How To Recognize Fly Agaric Or Amanita Citrina

How To Recognize Fly Agaric Or Amanita Citrina
How To Recognize Fly Agaric Or Amanita Citrina

Video: How To Recognize Fly Agaric Or Amanita Citrina

Video: How To Recognize Fly Agaric Or Amanita Citrina
Video: Amanita muscaria, The Fly Agaric 2024, May
Anonim

You can distinguish this inedible, but still not poisonous mushroom by several signs at once, the observation of which will allow you to complete a mushroom hunt without incident.

How to recognize fly agaric or Amanita citrina
How to recognize fly agaric or Amanita citrina

The cap of the toadstool-like fly agaric is rather fleshy to the touch and thick, in an adult mushroom it is almost flat, like a saucer. Its color is yellow, sometimes with a gray or green tint, often with pronounced white flakes.

The mushroom pulp, in turn, is white or slightly yellowish. It is believed that at the site of the break, it smells like raw potatoes. The leg of the toadstool fly agaric is almost completely hollow, with a slight thickening at the base, faded yellow. The mushroom plates are also white, with small remnants of a yellowish bedspread.

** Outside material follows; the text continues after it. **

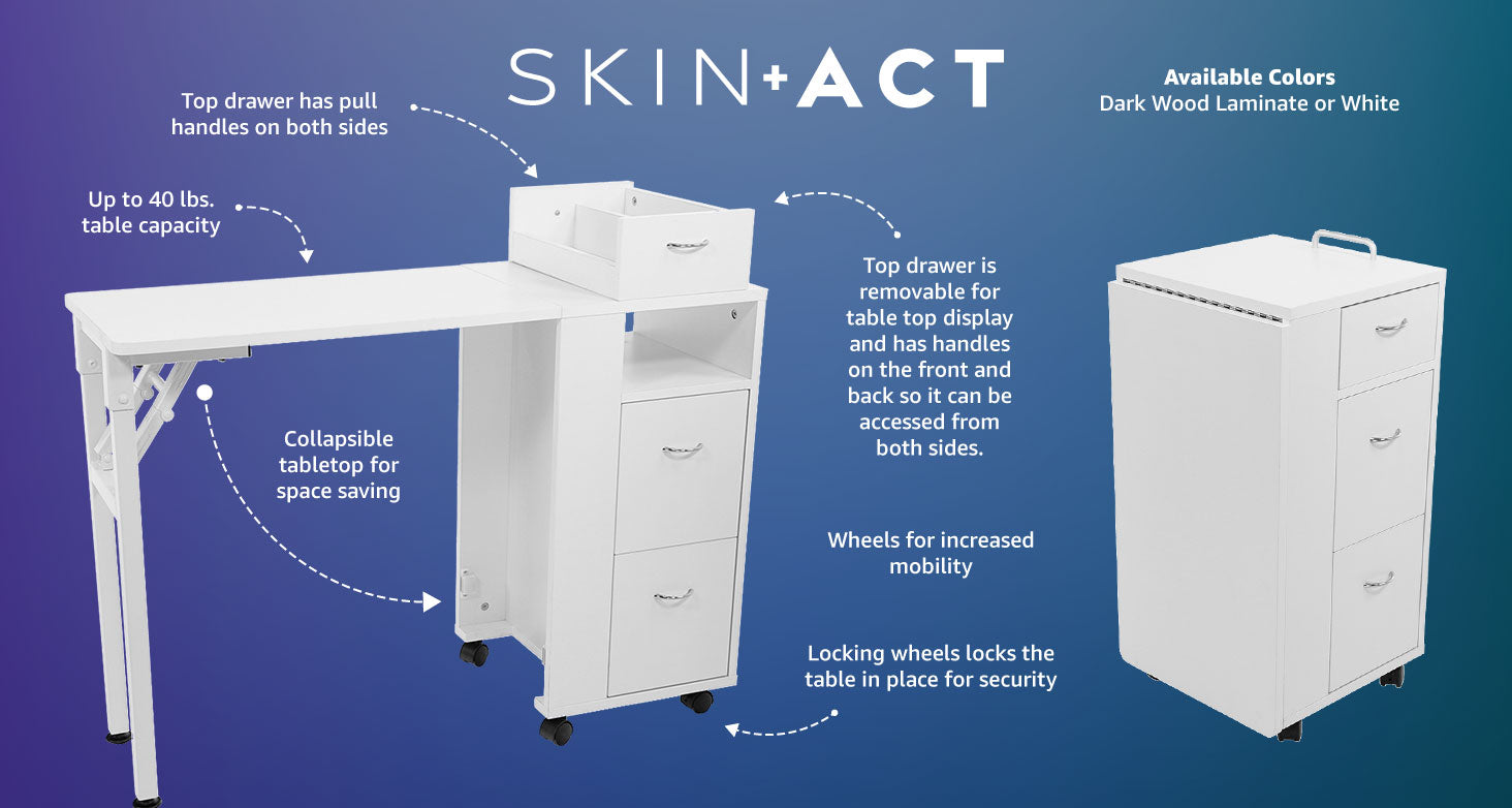 The professional foldable manicure table with drawers is available in Dark Wood laminate or White colors. Table folds into the cabinet.
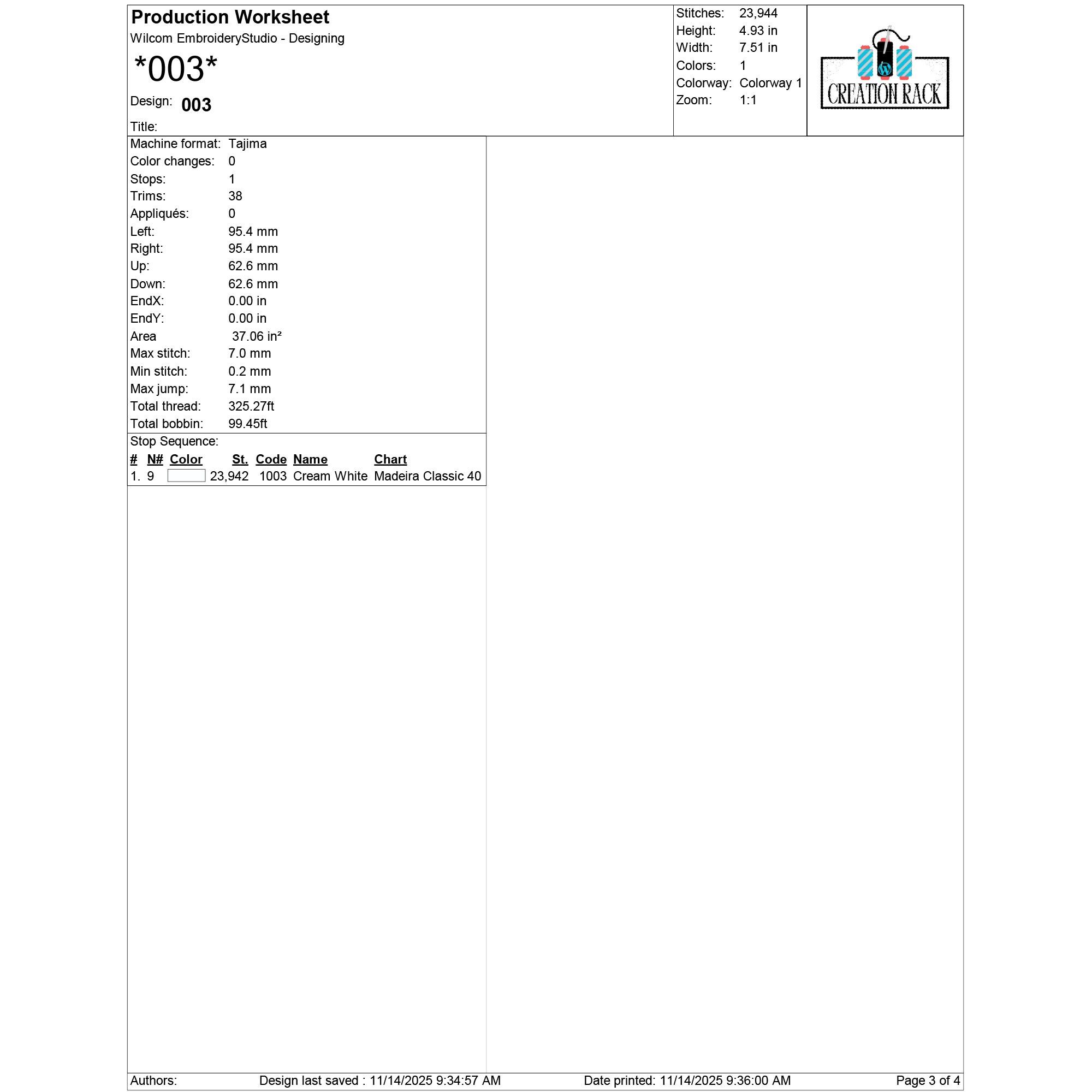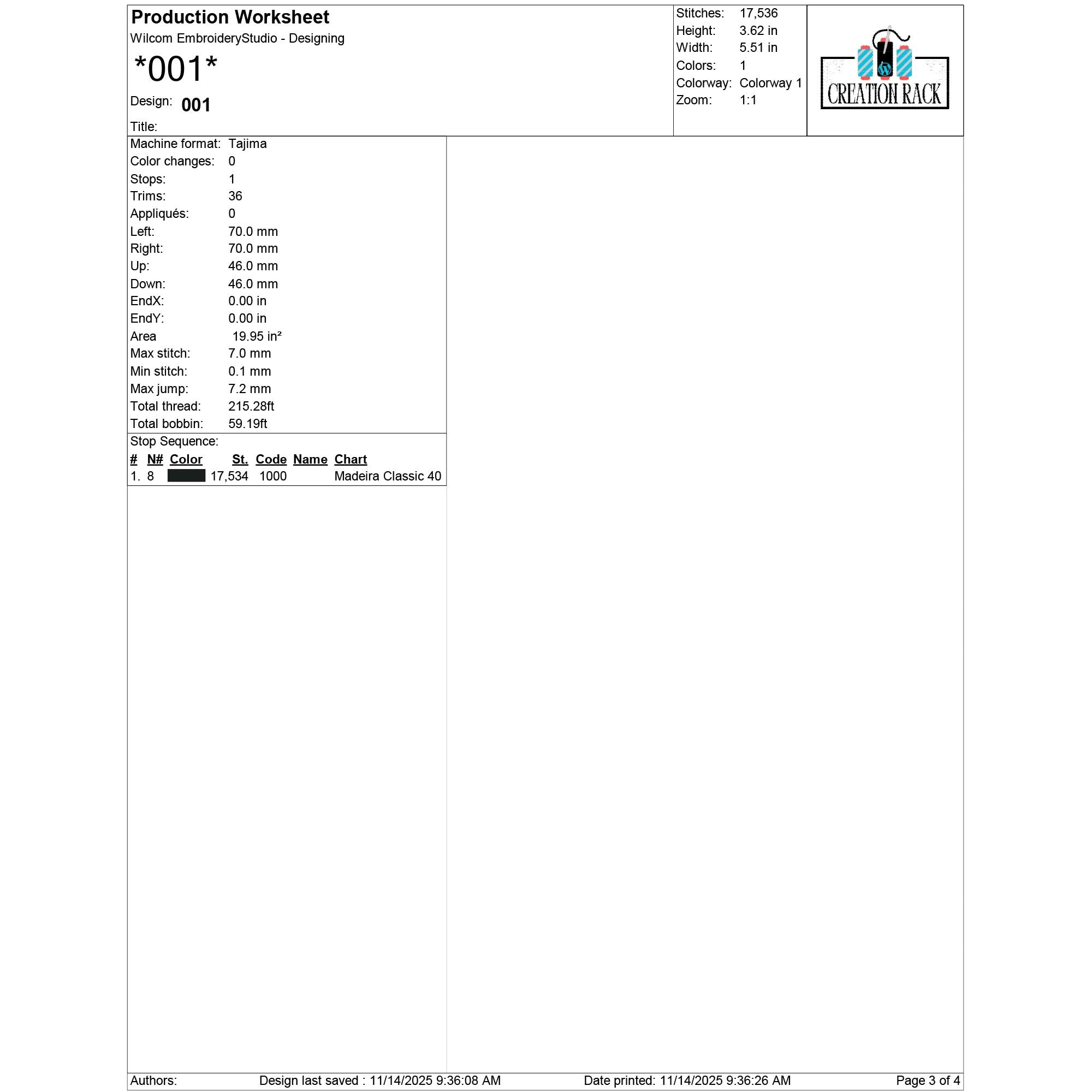 002: 20,662 stitches | 4.28 in (10.8 cm) × 6.51 in (16.5 cm) | 1 color

It is believed that this type of fly agaric grows only in deciduous forests, often adjacent to mighty oaks, but there is also evidence of the residence of this species in coniferous forests. The grebe-like fly agaric prefers warm and partially open areas. It can grow in mountainous regions, it is found everywhere in Eurasia, in North America, as well as in North American countries.

Typical growth times are from late August to mid-October. Outwardly, it is the toadstool-like fly agaric that is very similar to the pale toadstool and the gray fly agaric. But all three of these types of mushrooms are not suitable for human consumption, so only a very meticulous mushroom hunter needs to distinguish them.